⏱ 4 Min. Lesezeit · Stand: 30.07.2026
Die US-Notenbank hat die Leitzinsen erneut unverändert gelassen, während sich die Spaltung im Offenmarktausschuss vertieft. Dies hat direkte Auswirkungen auf die Edelmetallpreise.
- Fed belässt Zinsen bei 3,50 bis 3,75 Prozent.
- Drei Fed-Mitglieder forderten Zinserhöhung, stärkste Spaltung seit 2016.
- Gold und Silber schwanken zwischen Inflationsschutz und Zinsdruck.
Die US-Notenbank hat am 30. Juli 2026 ihre Leitzinsen zum zweiten Mal unter der Leitung von Fed-Chef Kevin Warsh unverändert bei 3,50 bis 3,75 Prozent belassen. Diese Entscheidung hat jedoch eine tiefere Spaltung im Offenmarktausschuss (FOMC) offenbart, die seit 2016 nicht mehr so ausgeprägt war. Drei Regionalpräsidenten stimmten für eine sofortige Anhebung um einen Viertelprozentpunkt, was die Sorgen über anhaltend hohe Inflationsraten unterstreicht.
Was geschah bei der letzten Fed-Sitzung?

Die Sitzung des Offenmarktausschusses zeigte mit einem Abstimmungsergebnis von 9 zu 3 Stimmen, dass die Fed in ihrer Geldpolitik gespalten ist. Die Fed-Präsidentin Beth Hammack aus Cleveland sowie die Präsidenten Neel Kashkari aus Minneapolis und Lorie Logan aus Dallas plädierten für eine Zinserhöhung. Diese Divergenz innerhalb des Gremiums deutet darauf hin, dass die Sorgen über die Inflation zunehmen und die Notenbank möglicherweise unter Druck steht, bald zu handeln.

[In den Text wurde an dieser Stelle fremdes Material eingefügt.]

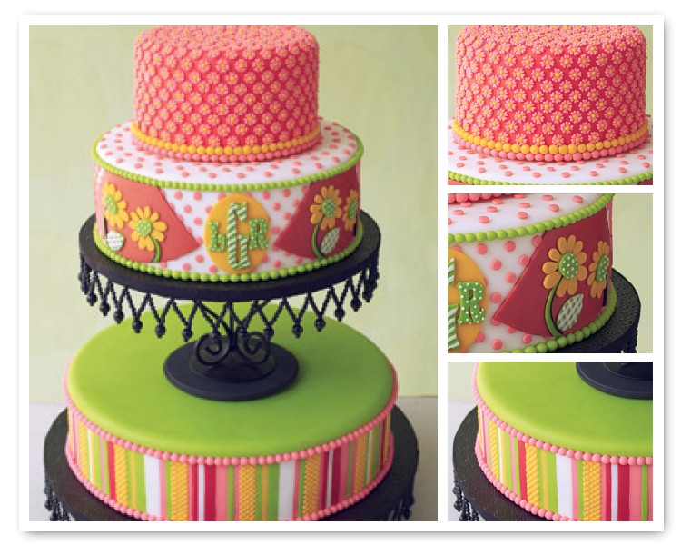 If you hover your cursor over the pics above, you can get most of the info below too. From top left: Vintage glass cake stands with cakes; Esther Coombs’ 3-tier Rose Cake Stand, EstherCoombs on Etsy; and Karl Lagerfeld for Chanel dress paired with wedding cakes, Trend de la Creme blog post; Second row: Blaue Blume cake stand by Tina Tsang; The Husband Catcher Cake, oil painting by Janet Hill; and Art Deco cake stencil wrapper from Fancy Flours; Third row: Silver cake stand;and Maren Kloppmann’s Ledge Platter; Fourth row: Whitney Smith’s Bird Cupcake Stand, WhitneySmith on Etsy; Lemon cake with blue icing and dots, Country Living photo shoot; and Iacolli & Mcalllister cake stands on Big Cartel; Fifth row: Kari Radasch’s cake stand with confetti cake, Redware on Etsy; Lazy Daisy skirts by Made With Love By Hannah (cake stands have skirts, and these are super cute!); and w2products Willow cake stand; Sixth row: Jeanette Zeis’ Lace cake plate, vesselsandwares on Etsy; 4 Layer Cake, oil painting by Paul Ferney; and antique three-tier cake stand; Seventh row: reproduction of 1930s-era glass cake stand; D’lovely cake stand, fergusonpottery on Etsy; and Elle cake stand by Clara French; Last row: cake stand from The Tea Pot Shoppe; striped cake by The Yummy Cake Company; and Black Lace Cake Stand from the MoMA store.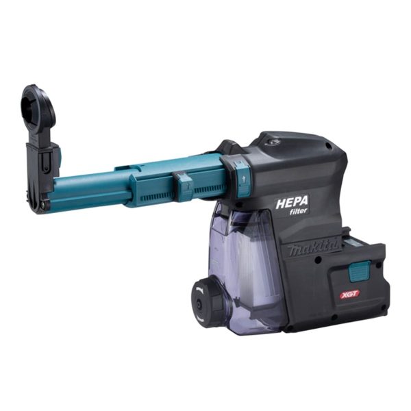 Прахоуловител с HEPA филтър за перфоратор Makita 191E54-9 е съвместимо с перфораторите HR001G и HR003G 40v Max XGT. То се свързва към корпуса на перфораторите и използва мощността на модула, за да работи автоматично, когато спусъкът е задействан. Устройството е проектирано да ефективно събира фин прах и частици. То е оборудвано с взаимозаменяем HEPA филтър, който улавя 99,97% от частиците с размери 0,3 микрона или по-големи. Филтърът разполага с почистващ механизъм, който осигурява поддръжка и запазва ефективността му. Контейнерът за прах е оборудван с прозрачен калъф, който осигурява лесна видимост и контрол върху нивото на събран прах. Има прост бутон за изпразване с едно натискане, което улеснява изпразването на праха. Двойните LED светлини осветяват работната зона, осигурявайки по-добра видимост при работа.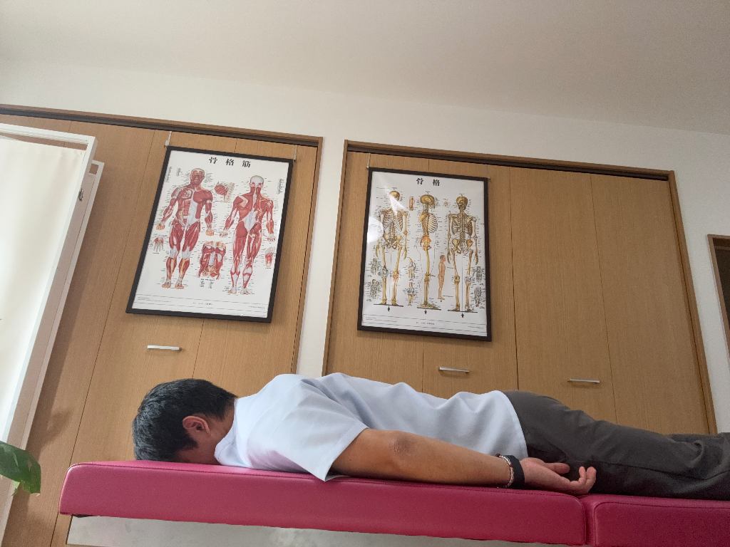 このマッケンジー体操は慢性的な腰痛や坐骨神経痛の症状軽減し、背骨(首・背中・腰)や手足の関節の痛みの改善にも有効と言われているので、日常的に行うこともおすすめしています。寒く丸まって寝たりする方にもおすすめです。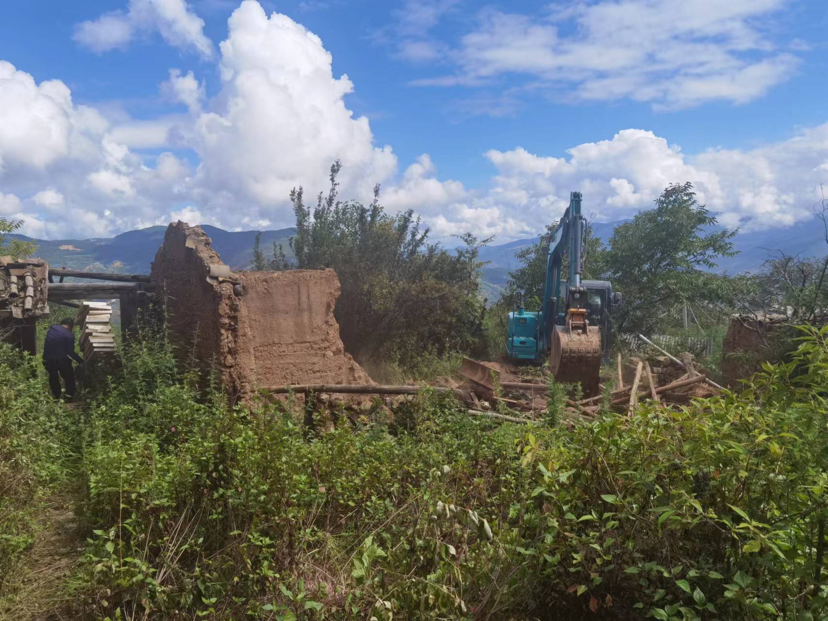 近日,南华县五顶山乡组织机械和人力整顿残垣断壁,伴随着机械的轰鸣声和飞扬的尘土,一处处残垣断壁被成功破除。

Die Marktreaktionen auf die Entscheidung der Fed waren deutlich. Gold notierte im Spothandel bei rund 4.082 USD je Feinunze, während Silber bei etwa 58 USD lag. Diese Preise reflektieren die Unsicherheit der Anleger, die zwischen der Angst vor Inflation und dem Druck steigender Zinsen schwanken.
Die Auswirkungen auf Gold und Silber
Die Unsicherheit über die zukünftige Geldpolitik der Fed hat direkte Auswirkungen auf die Edelmetallpreise. Gold und Silber gelten traditionell als Absicherung gegen Inflation. Wenn jedoch die Zinsen steigen, erhöhen sich die Opportunitätskosten für das Halten dieser unverzinsten Anlagen. Dies könnte dazu führen, dass Anleger in Anleihen oder andere zinstragende Anlagen umschichten, was den Druck auf die Preise von Gold und Silber verstärkt.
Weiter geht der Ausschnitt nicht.